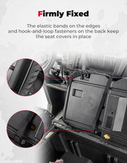 The elastic bands at the edges and the hook-and-loop fasteners at the back keep the seat covers tightly attached to the seat, even during the most challenging off-road conditions, without worrying about them slipping out.
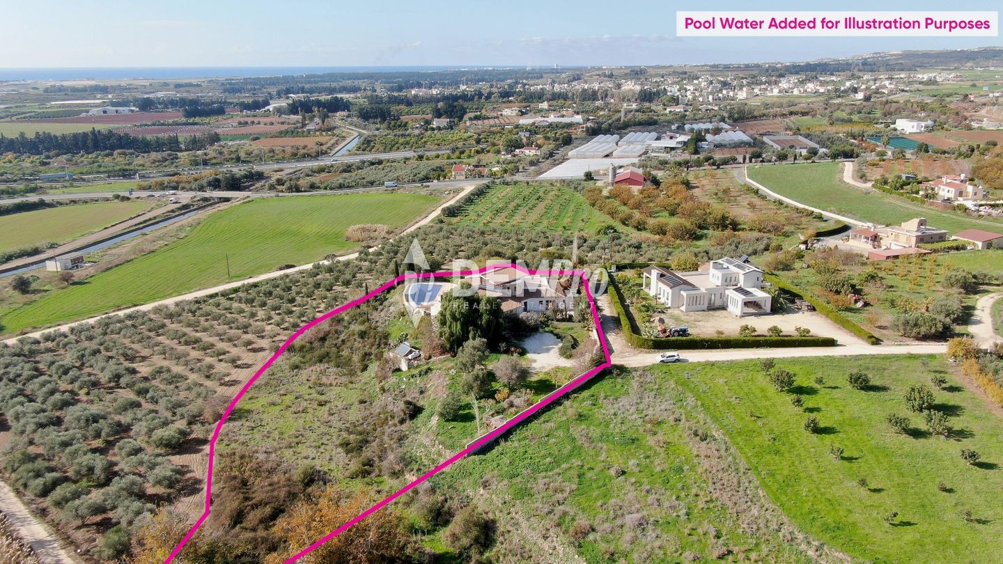 This property embodies luxury living in Cyprus, combining comforts with breathtaking natural scenery. A luxury two storey house enjoying an unobstructed sea view, with basement and a swimming pool ,located in Anarita, Paphos. The ground floor consists of an open plan living room with a dining area and a second living room with a fireplace, a kitchen, guests’ toilet, a laundry room, and three bedrooms of which two are en-suite. The first floor consists of one large bedroom with en-suite bathroom and a walk-in wardrobe. The basement consists of a storage area and boiler room. Externally, there is an uncovered garage, a private swimming pool and a large garden/orchard. The asset is situated about 1.5km south from the community centre, and about 400m northeast of the nearest exit to the Paphos – Limassol Motorway. The property falls within Zone Z1, with a building coefficient of 6%, coverage of 6%, and permission for 2 floors (8.3m) of construction. GPS coordinates: 34.726956 32.533204
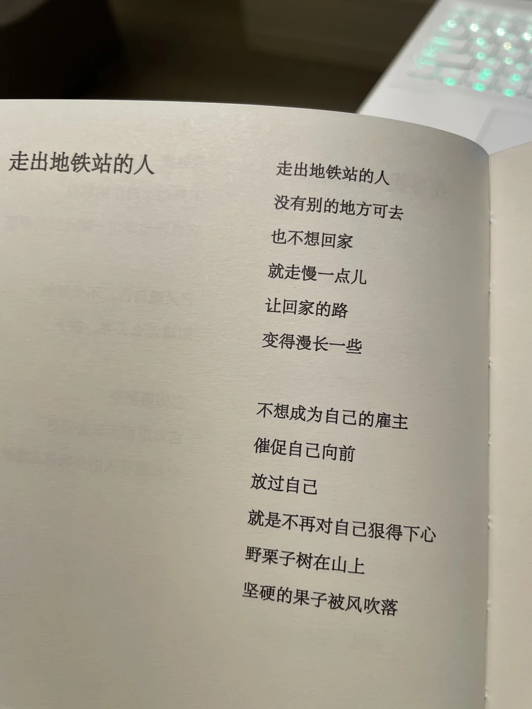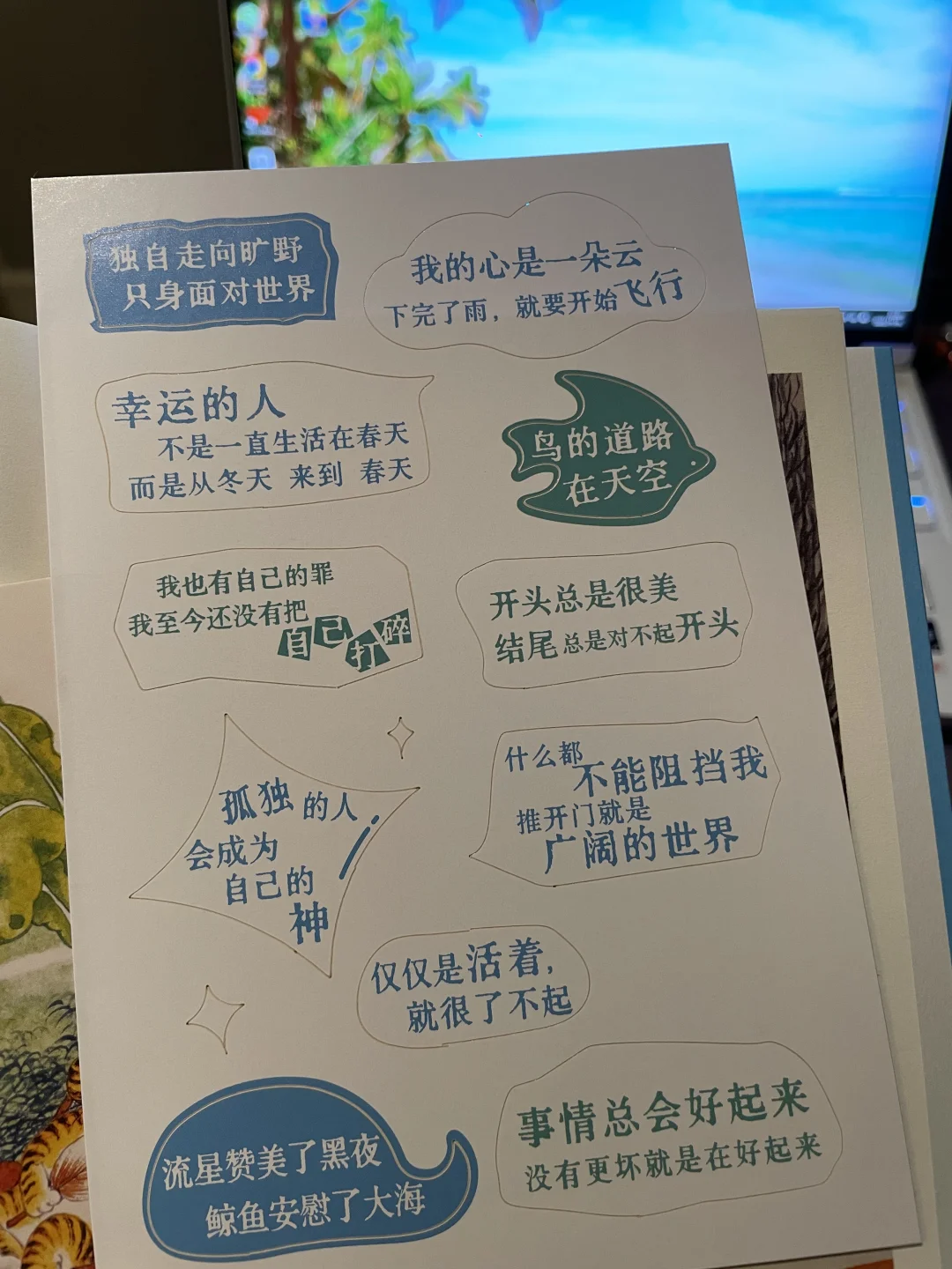 📗书名:《独自走向旷野》 ✏️作者:燕七 · 在阳光下抱一朵最心动的花 做白日梦吧 — 🌟 三叶草结了豆荚 在夜晚崩裂 像星星到处都是 — 🌟 一些孤独像松果落下 一些自由像大雪扑面而来 — 🌟 放下一些 才会看见另一些 什么都不盼望 大雪就开始纷飞 — 🌟 幸运的人不是一直生活在春天 而是从冬天来到春天 — 🌟 什么都不能阻挡我 推开门就是广阔的世界 — 🌟 流星赞美了黑夜 鲸鱼安慰了大海 — 🌟 像大海拥有自己的沙砾 蜜蜂拥有自己的蜂蜜 你知道自己拥有的已很多 已满溢 — 🌟 从这一天开始 青草生长 花树盛开 我们要清澈温暖 无所事事过完一整个春天 ·
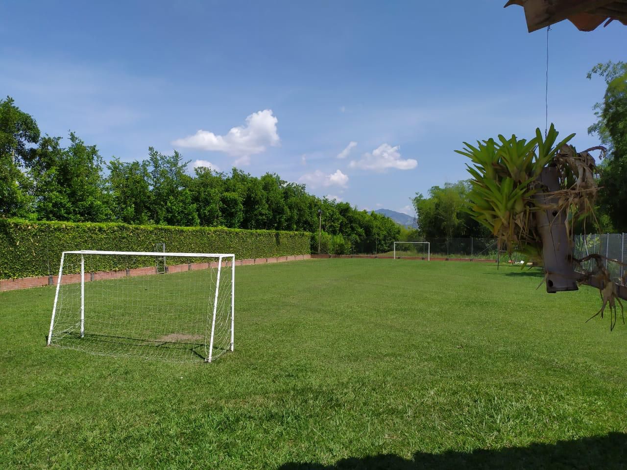 Finca en alquiler para grupos grandes, cuenta con piscina, jacuzzi y kiosco, además de zona BBQ y salón de eventos, ideales para reuniones y celebraciones. También dispone de cancha de fútbol, mirador, amplias zonas verdes y servicio de wifi, ofreciendo espacios pensados para el descanso, la recreación y el entretenimiento.
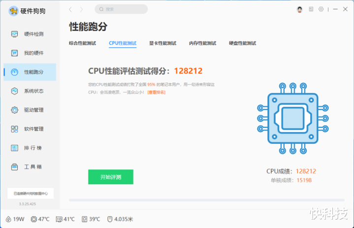 在硬件狗狗的CPU性能评估测试中得分为128212,超过了全国95%的笔记本用户。
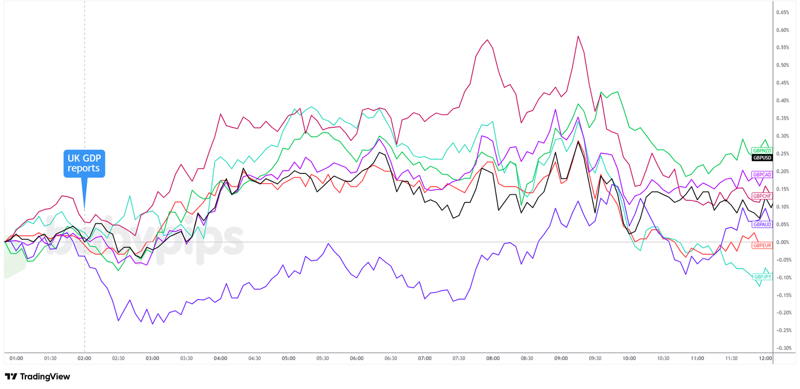 Overlay von GBP gegenüber den wichtigsten Währungen Diagramm von TradingView
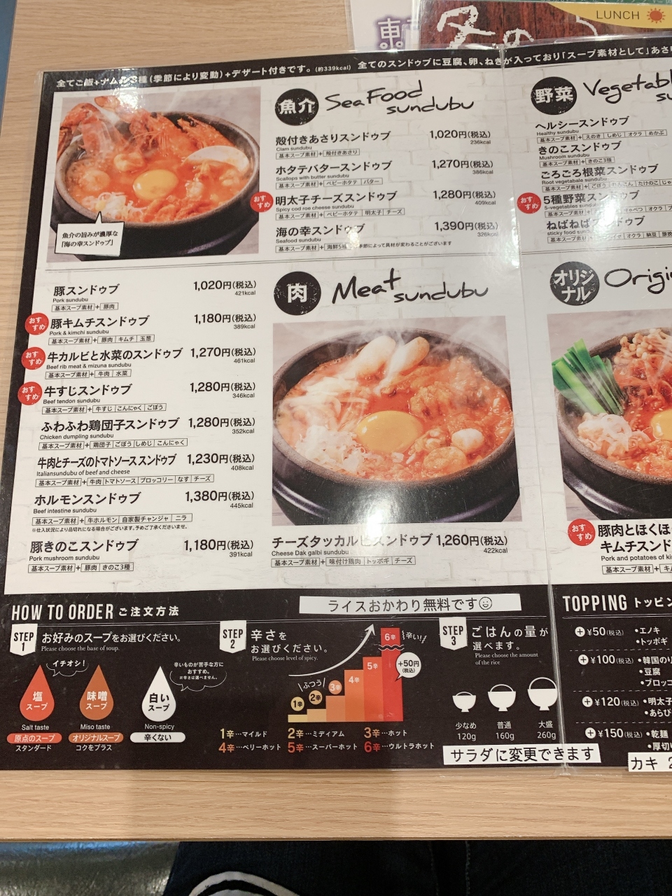 メニューのスンドゥブは魚介、お肉、野菜やオリジナルと種類豊富で辛さを選ぶことができます

- [Task goal]
Repeat the entries exactly, pictures left out.

- [Reply]
 The elastic bands at the edges and the hook-and-loop fasteners at the back keep the seat covers tightly attached to the seat, even during the most challenging off-road conditions, without worrying about them slipping out.
 This property embodies luxury living in Cyprus, combining comforts with breathtaking natural scenery. A luxury two storey house enjoying an unobstructed sea view, with basement and a swimming pool ,located in Anarita, Paphos. The ground floor consists of an open plan living room with a dining area and a second living room with a fireplace, a kitchen, guests’ toilet, a laundry room, and three bedrooms of which two are en-suite. The first floor consists of one large bedroom with en-suite bathroom and a walk-in wardrobe. The basement consists of a storage area and boiler room. Externally, there is an uncovered garage, a private swimming pool and a large garden/orchard. The asset is situated about 1.5km south from the community centre, and about 400m northeast of the nearest exit to the Paphos – Limassol Motorway. The property falls within Zone Z1, with a building coefficient of 6%, coverage of 6%, and permission for 2 floors (8.3m) of construction. GPS coordinates: 34.726956 32.533204
 📗书名:《独自走向旷野》 ✏️作者:燕七 · 在阳光下抱一朵最心动的花 做白日梦吧 — 🌟 三叶草结了豆荚 在夜晚崩裂 像星星到处都是 — 🌟 一些孤独像松果落下 一些自由像大雪扑面而来 — 🌟 放下一些 才会看见另一些 什么都不盼望 大雪就开始纷飞 — 🌟 幸运的人不是一直生活在春天 而是从冬天来到春天 — 🌟 什么都不能阻挡我 推开门就是广阔的世界 — 🌟 流星赞美了黑夜 鲸鱼安慰了大海 — 🌟 像大海拥有自己的沙砾 蜜蜂拥有自己的蜂蜜 你知道自己拥有的已很多 已满溢 — 🌟 从这一天开始 青草生长 花树盛开 我们要清澈温暖 无所事事过完一整个春天 ·
 Finca en alquiler para grupos grandes, cuenta con piscina, jacuzzi y kiosco, además de zona BBQ y salón de eventos, ideales para reuniones y celebraciones. También dispone de cancha de fútbol, mirador, amplias zonas verdes y servicio de wifi, ofreciendo espacios pensados para el descanso, la recreación y el entretenimiento.
 在硬件狗狗的CPU性能评估测试中得分为128212,超过了全国95%的笔记本用户。
 Overlay von GBP gegenüber den wichtigsten Währungen Diagramm von TradingView
 メニューのスンドゥブは魚介、お肉、野菜やオリジナルと種類豊富で辛さを選ぶことができます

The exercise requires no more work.